What to do: Print the entire listing below word for word, excluding its pictures.

Data block:
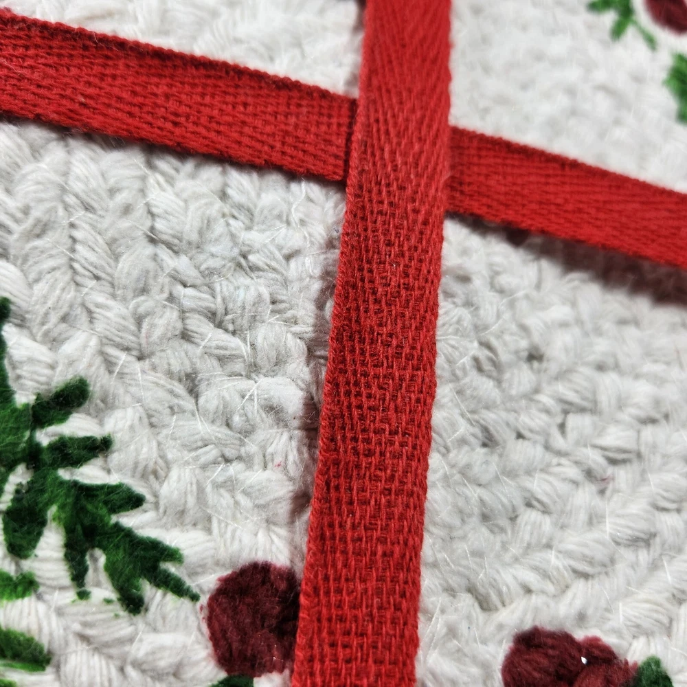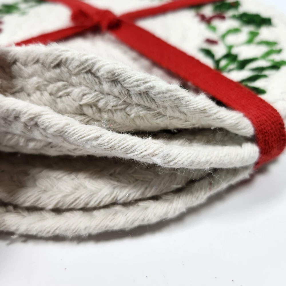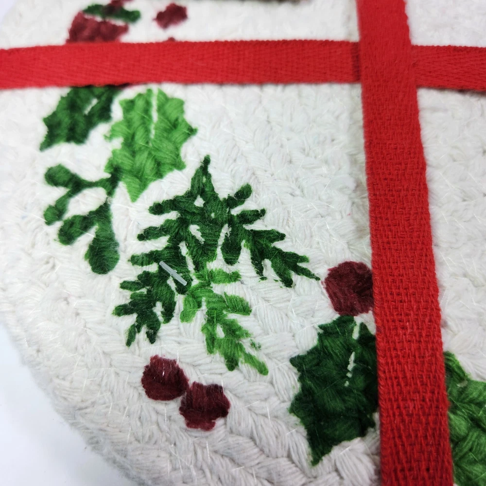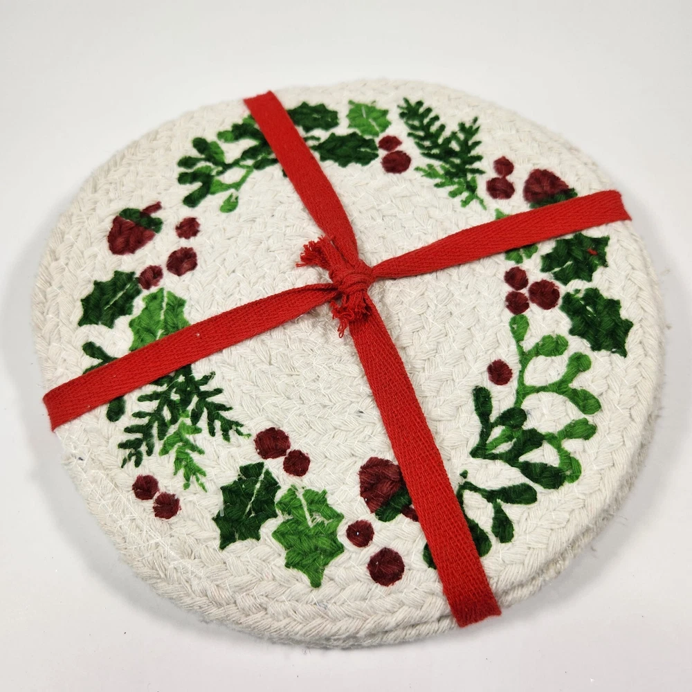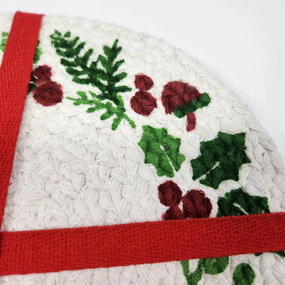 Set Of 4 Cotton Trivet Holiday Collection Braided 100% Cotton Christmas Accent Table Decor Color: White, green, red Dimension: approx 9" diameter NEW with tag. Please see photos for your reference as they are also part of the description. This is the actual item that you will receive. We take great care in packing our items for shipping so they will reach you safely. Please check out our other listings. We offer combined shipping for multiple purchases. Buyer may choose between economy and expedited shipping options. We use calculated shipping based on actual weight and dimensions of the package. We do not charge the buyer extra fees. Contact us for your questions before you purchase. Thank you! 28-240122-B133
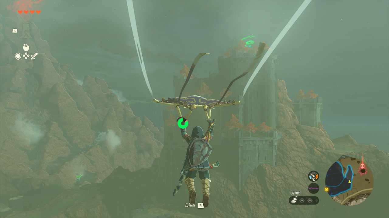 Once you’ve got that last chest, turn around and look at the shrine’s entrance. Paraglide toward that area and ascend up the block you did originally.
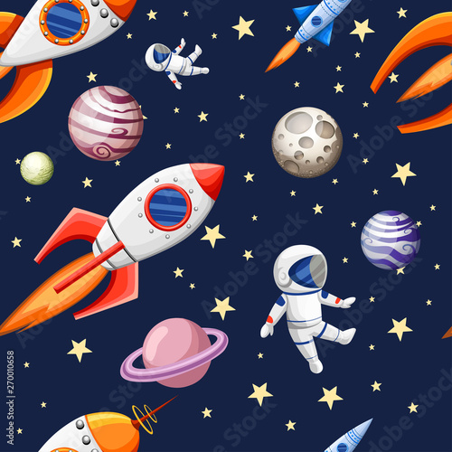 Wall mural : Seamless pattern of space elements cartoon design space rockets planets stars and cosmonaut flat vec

Solved exercise:
 Set Of 4 Cotton Trivet Holiday Collection Braided 100% Cotton Christmas Accent Table Decor Color: White, green, red Dimension: approx 9" diameter NEW with tag. Please see photos for your reference as they are also part of the description. This is the actual item that you will receive. We take great care in packing our items for shipping so they will reach you safely. Please check out our other listings. We offer combined shipping for multiple purchases. Buyer may choose between economy and expedited shipping options. We use calculated shipping based on actual weight and dimensions of the package. We do not charge the buyer extra fees. Contact us for your questions before you purchase. Thank you! 28-240122-B133
 Once you’ve got that last chest, turn around and look at the shrine’s entrance. Paraglide toward that area and ascend up the block you did originally.
 Wall mural : Seamless pattern of space elements cartoon design space rockets planets stars and cosmonaut flat vec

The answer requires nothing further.